The move should not, however, be interpreted “as a secularizing move, or as a general license to attack or insult religious beliefs and believers,” the two clerics said.

The archbishops said “the place of Christianity in the constitutional framework of our country, governed as it is by the queen, in Parliament, under God, is not in question in the current debate.”

_ Al Webb

St. Patrick’s feast will come early for some

GRAND RAPIDS, Mich. (RNS) This year more than ever, Catholics should remember St. Patrick was a man of faith, not the patron saint of partying.

So says Bishop Walter Hurley, head of the Grand Rapids Catholic Diocese, when it comes to celebrating St.

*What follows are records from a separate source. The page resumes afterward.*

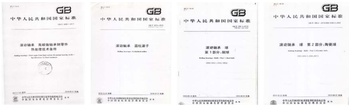
图 11 公司部分企业标准

与此同时，公司积极主导或参与国家标准、行业标准和地方标准的制修订工作，其中公司参与修订国家标准“GB/T 34891-2017 滚动轴承 高碳铬轴承钢零件”、“GB/T 4661-2015 滚动轴承圆柱滚子”、“GB/T 308.1-2013 滚动轴承球 第 1 部分：钢球”、“GB/T 308.2-2010 滚动轴承球 第 2 部分：陶瓷球”等。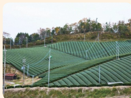
(南山城村 高尾の茶畑)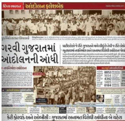
ઐતિહાસિક મહાગુજરાત આંદોલન પર આધારિત દૂર્લભ તસવીરો સાથેનું ભાસ્કરનું વિશેષ પેજ.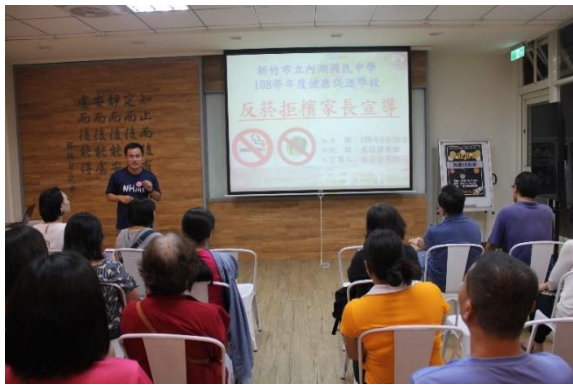
說明：家長會日進行宣導

Patrick’s Day on Monday, March 17.

Because the feast day falls during Holy Week for the first time since 1940, Hurley says parishes should observe Masses and festivities in Patrick’s honor the preceding Friday.

“The church believes that Holy Week and the sacred events of Holy Week are far more important than the celebration of any saint’s day,” Hurley said. “If you wish to celebrate the feast of St. Patrick, which you don’t have to do, we would ask you to celebrate on the 14th.”


The bishop, however, is granting a dispensation that day from the abstinence from meat expected of Catholics during Fridays in Lent, according to the diocese Web site.

Elsewhere around the country, bishops have asked that St. Patrick’s Day celebrations be moved from Holy Week. In Savannah, Ga., which attracts more than half a million revelers for St. Patrick’s Day, official celebrations have been moved to Friday, March 14. But in Columbus, Ohio, the local Shamrock Club is sticking to March 17, against the local bishop’s wishes.

“It’s not a sin to celebrate your Irish culture,” Mark Dempsey, the Shamrock Club’s president, told the Associated Press. “Actually, you’re born Irish first, and then you’re baptized Catholic.”

In New York, Cardinal Edward Egan won’t interfere, church spokesman Joseph Zwilling told AP. Egan will celebrate a Mass for St. Patrick on March 14, but will review the traditional March 17 parade from the steps of St. Patrick’s Cathedral.

Meanwhile, Hurley, of Grand Rapids, said he’ll leave it up to individual Catholics’ consciences whether to partake of green beer on St. Patrick’s Day.

“Hopefully,” he said, “we’re dealing with adult people who have a sense of what’s important, namely Holy Week and Lent.”


_ Charles Honey and Kevin Eckstrom

Quote of the Day: Bishop Domenico D’Ambrosio

(RNS) “Padre Pio’s fingernails are as if he had just had a manicure.”

_ Bishop Domenico D’Ambrosio, the Vatican envoy appointed to oversee the exhumation of Padre Pio, a wildly popular Italian saint whose remains will be on public display to mark the 40th anniversary of his death. D’Ambrosio was quoted by the Associated Press.